I’ve been working on documenting one of the popular use cases for Cilium: high-performance networking. Cilium can replace kube-proxy
and leverages eBPF to achieve a faster network path.
There are actually a couple implementations of kube-proxy
: one based on iptables
(a +20 year-old networking and security Linux utility and the default option) and one based on the better-performing system IPVS
. From what I’ve read and seen, eBPF performs better than either, but I think the difference is especially evident between eBPF and iptables-based kube-proxy
.
To demonstrate why Cilium provides better performances, I had to look inside my nodes, to really understand the impact of iptables
in a non-Cilium based environment.
I deployed a cluster in AKS and accessed my nodes, following the Azure docs.

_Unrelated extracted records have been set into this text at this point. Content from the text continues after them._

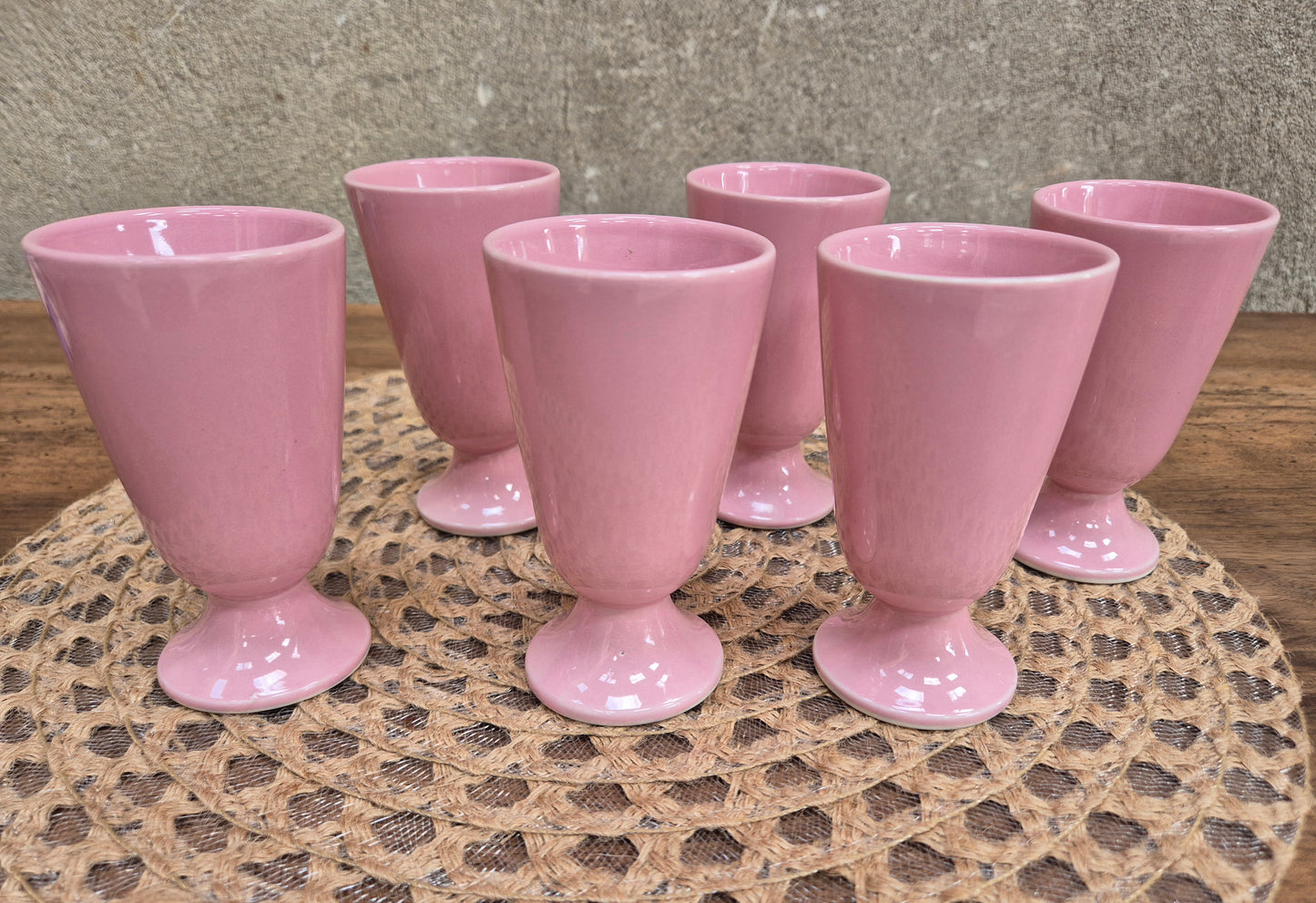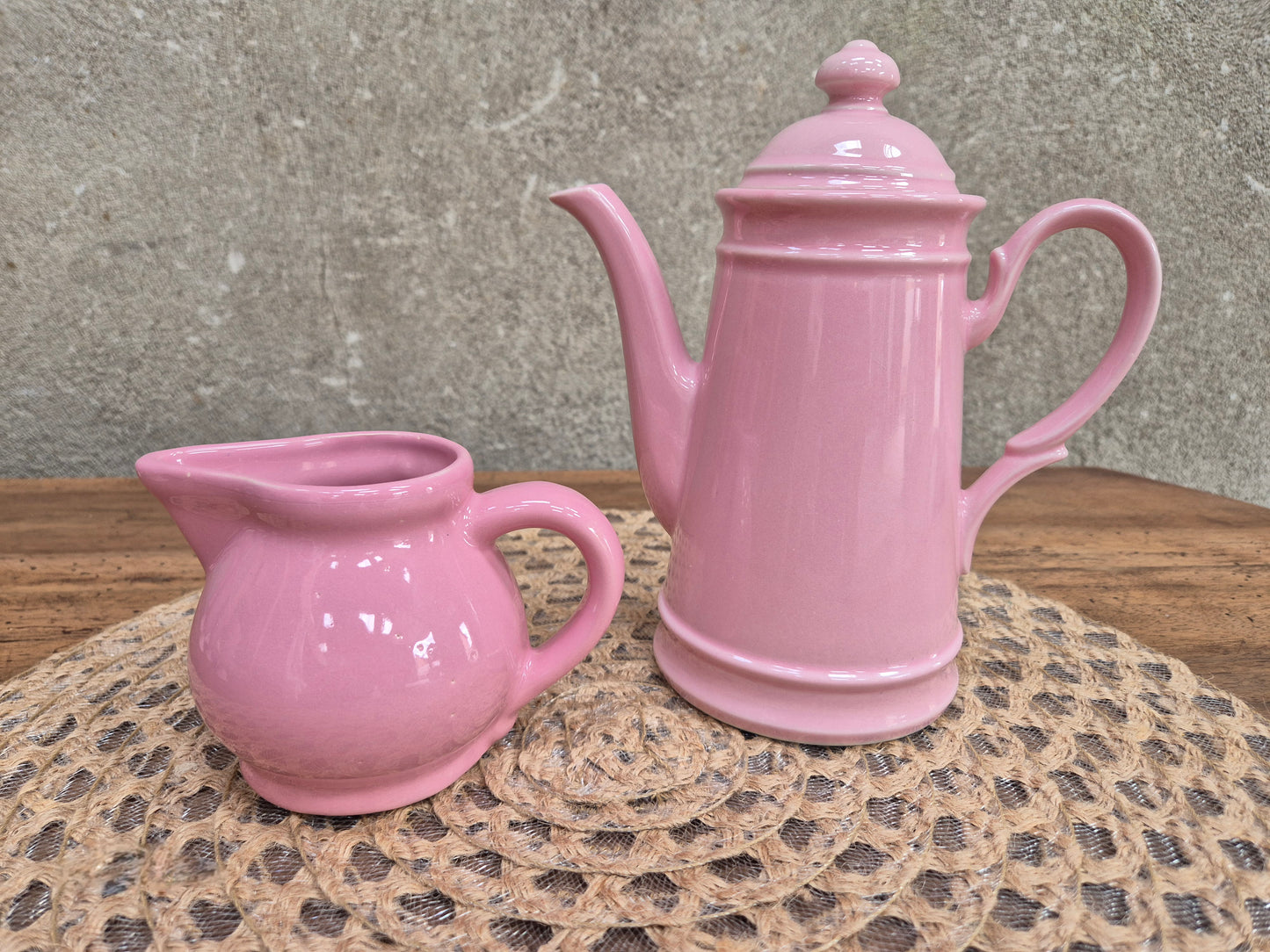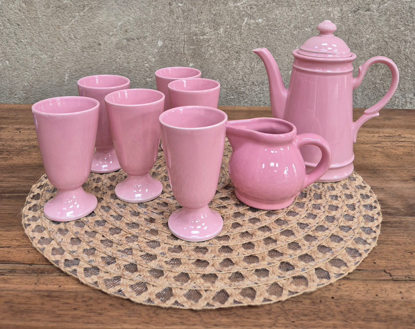Service à café rose pastel comprenant une cafetière, son pot à lait et les six mazagrans.
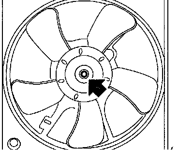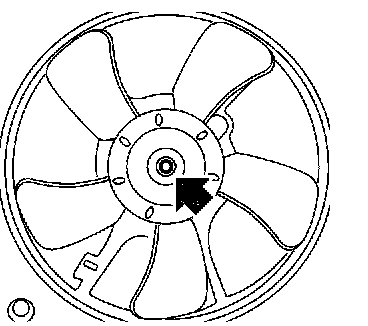 2. Remove nut which holds fan itself onto fan motor and shroud assembly.
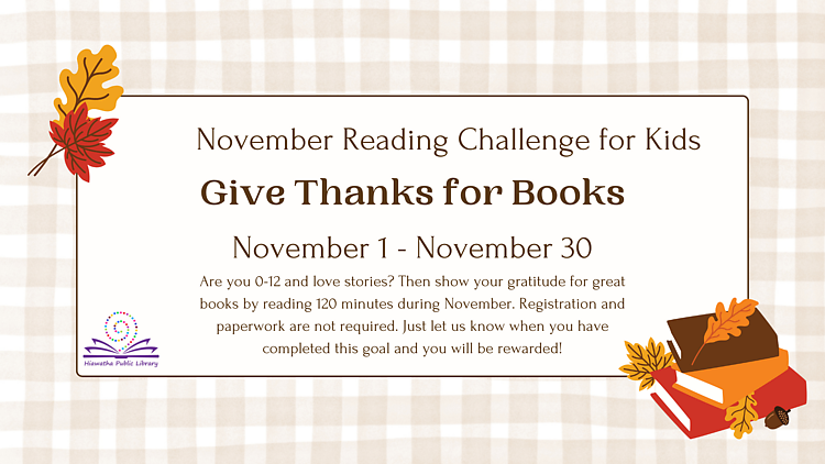 This month, kids 0-12 are encouraged to show their gratitude for stories, imagination, and learning. Read for just 120 minutes and you’ll earn a reward!
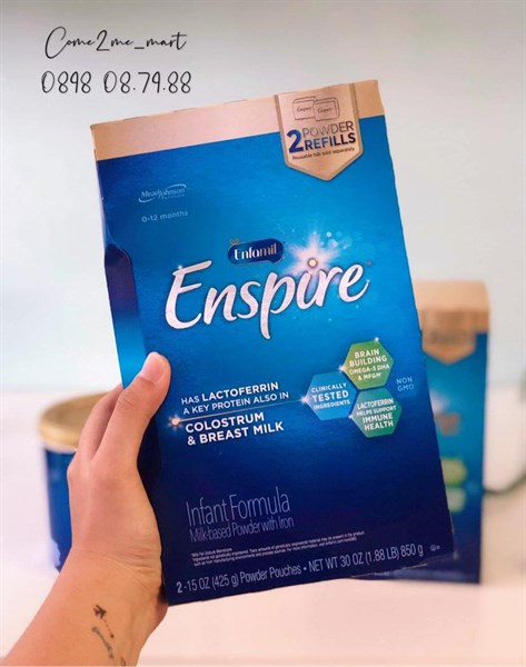 Sữa Bột Enfamil Enspire Infant Formula Mỹ Cho Bé Từ 0 - 12 Tháng Hộp Giấy Xanh 850g
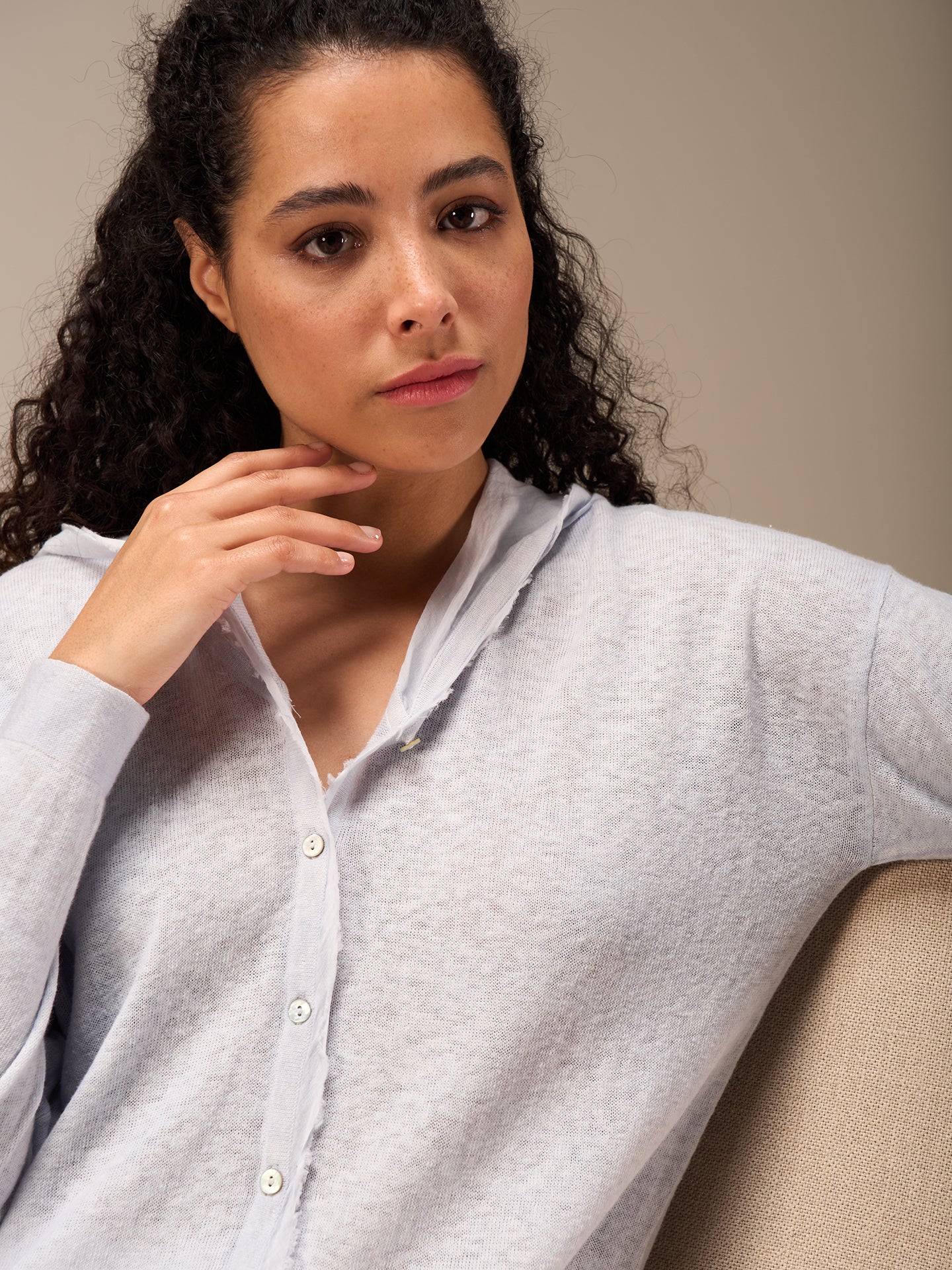 Cardigan ampio con cappuccio in lino intrecciato e abbottonatura con eleganti bottoni in madreperla e bordi sfrangiati. Il piacevole tessuto in maglia di lino al 100% rende questo cardigan un capo perfetto per l'estate. Uno speciale processo di tintura interna conferisce alla maglia un look accattivante. Le irregolarità nel colore rendono il capo unico. L'effetto slavato è accentuato.
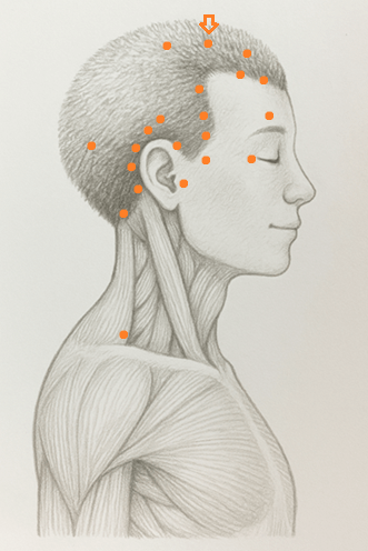 この経穴は、頭部において**「正気と営気が交わるポイント」**であり、**気血の上昇が秩序正しく行われるよう調整する関所**のような位置づけです。

I quickly hit a roadblock though:
nicovibert:~$ kubectl debug node/aks-nodepool1-20100607-vmss000000 -it --image=mcr.microsoft.com/dotnet/runtime-deps:6.0
Creating debugging pod node-debugger-aks-nodepool1-20100607-vmss000000-28fw8 with container debugger on node aks-nodepool1-20100607-vmss000000.
If you don't see a command prompt, try pressing enter.
root@aks-nodepool1-20100607-vmss000000:/#
root@aks-nodepool1-20100607-vmss000000:/# iptables -t nat -L
bash: iptables: command not found
Even when using chroot /host
, I got similar results:
root@aks-nodepool1-20100607-vmss000000:/# chroot /host
# iptables -L
iptables v1.6.1: can't initialize iptables table `filter': Permission denied (you must be root)
Perhaps iptables or your kernel needs to be upgraded.
# sudo iptables -L
iptables v1.6.1: can't initialize iptables table `filter': Permission denied (you must be root)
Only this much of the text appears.